Abnormal maturing myeloid and monocytic cells can be recognized by aberrant expression of antigens.^{113,117,125,126}  Reported aberrancies include the presence of antigens that are not normally present, such as lymphoid antigens, and altered expression of myeloid or monocytic antigens, either in a single population of cells, or within a generation of maturing cells. In addition, decreased orthogonal (side) light scatter has been used as an indicator of abnormal hypogranularity of maturing neutrophilic cells.

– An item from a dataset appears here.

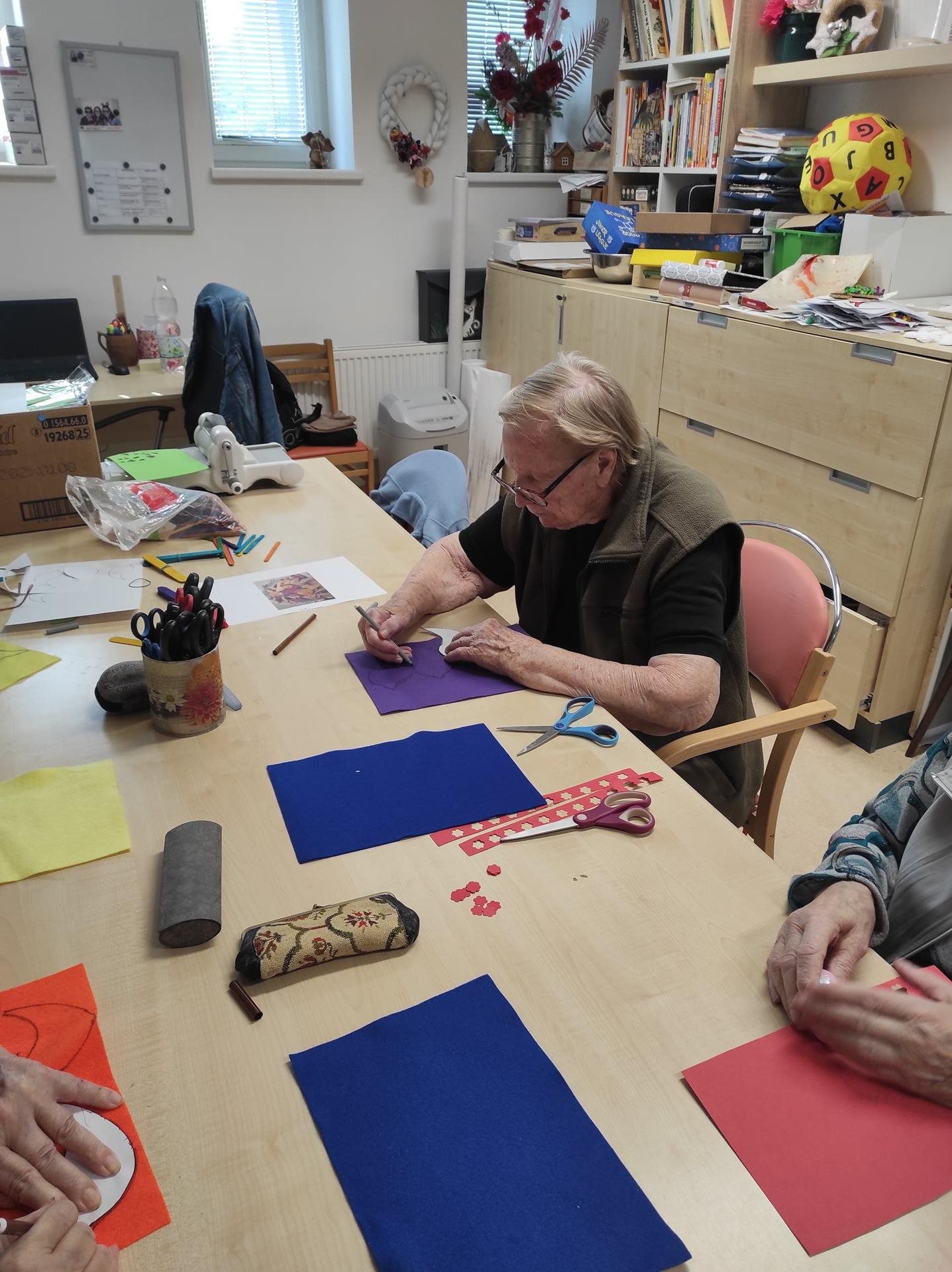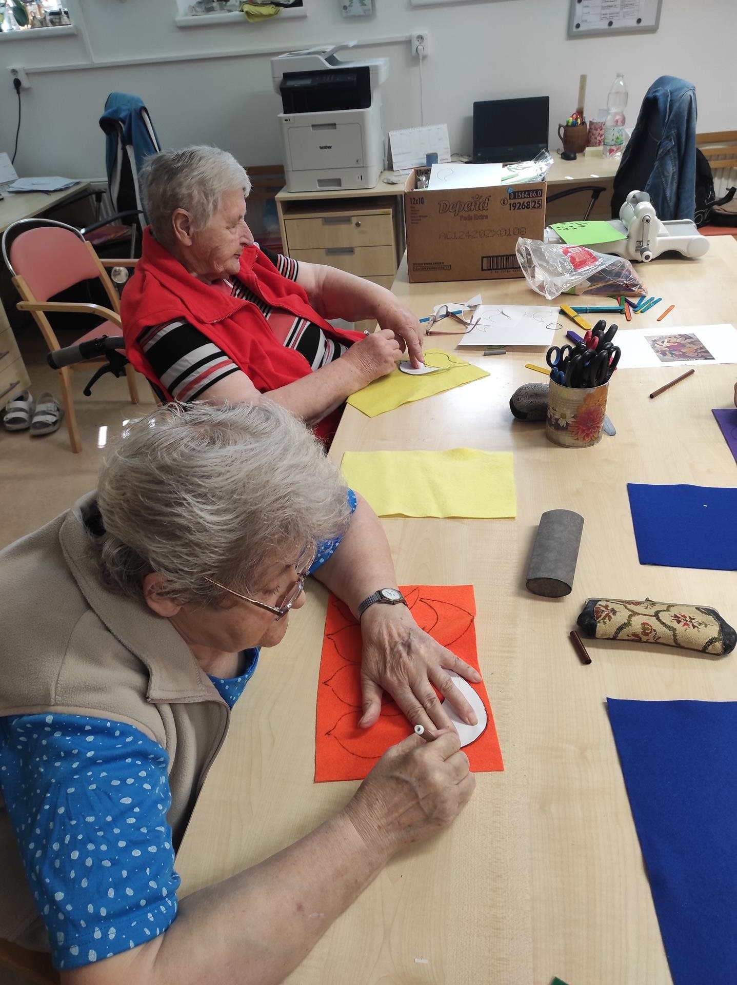 Pondělní dopoledne jsme zaměřily naši energii na tvorbu vzpomínkových předmětů pro zpěváky a zpěvačky ze sboru Bádule, který k nám měl přijet ve čtvrtek odpoledne a potěšit naše seniorky svým zpěvem. S uživatelkami jsme pro ně, za jejich snahu zpříjemnit nám den, vytvořily zápichy do květináčů ve tvaru ptáčka. Doufáme, že se osazenstvu sboru naše dárečky budou líbit a při pohledu na zápichy v truhlících a květináčích si na náš domov rádi vzpomenou.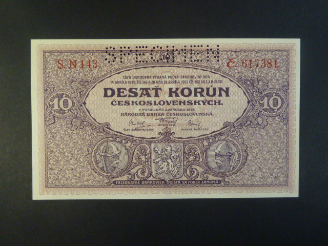 10 Kč 1927 série N 143, perf. SPECIMEN

Aberrant expression of lymphoid antigen can be seen on neoplastic myeloid or monocytic cells at any or all stages of maturation. As for AML, CD7 is one of the most frequently expressed lymphoid antigen in MDS.¹¹³  Although CD56 expression has been described on neoplastic monocytes and myeloid cells, it can also be expressed at a low level during marrow regeneration and following growth factor stimulation.¹¹³  Other lymphoid antigens that are expressed less frequently on neoplastic myeloid and monocytic cells include CD2, CD5, and CD19.¹¹³ 

Neoplastic myeloid and monocytic cells may also demonstrate abnormal levels of expression of antigens normally expected on those lineages. Reported abnormalities include increased, decreased, and more homogeneous intensity of staining of antigens, and asynchronous gain and loss of antigens during maturation.^113,117  Frequently reported abnormalities of neutrophilic cells in MDS include alterations in intensity of expression of CD64, CD33, CD16, CD14, CD13, CD11b, and CD10.¹¹³  Although most of the studies have evaluated bone marrow, the study of Cherian and colleagues demonstrated that flow cytometric evaluation of peripheral blood neutrophils could also assist in the diagnosis of MDS.¹²⁶  Abnormalities of neoplastic monocytes include altered intensity of HLA-DR, CD36, CD33, CD15, CD14, CD13, and CD11b.¹¹³  However, it is important to recognize that the level of expression of many of these myeloid and monocytic antigens varies with the stage of maturation of the cells. For example, although low-intensity expression of CD13 is abnormal for myeloblasts, it is characteristic of myelocytes and metamyelocytes. Therefore, for the evaluation of both myeloid and monocytic cells, it is important to consider the stages of maturation that are represented in the specimen and assess for the expected maturation pattern with synchronous gain and loss of antigens.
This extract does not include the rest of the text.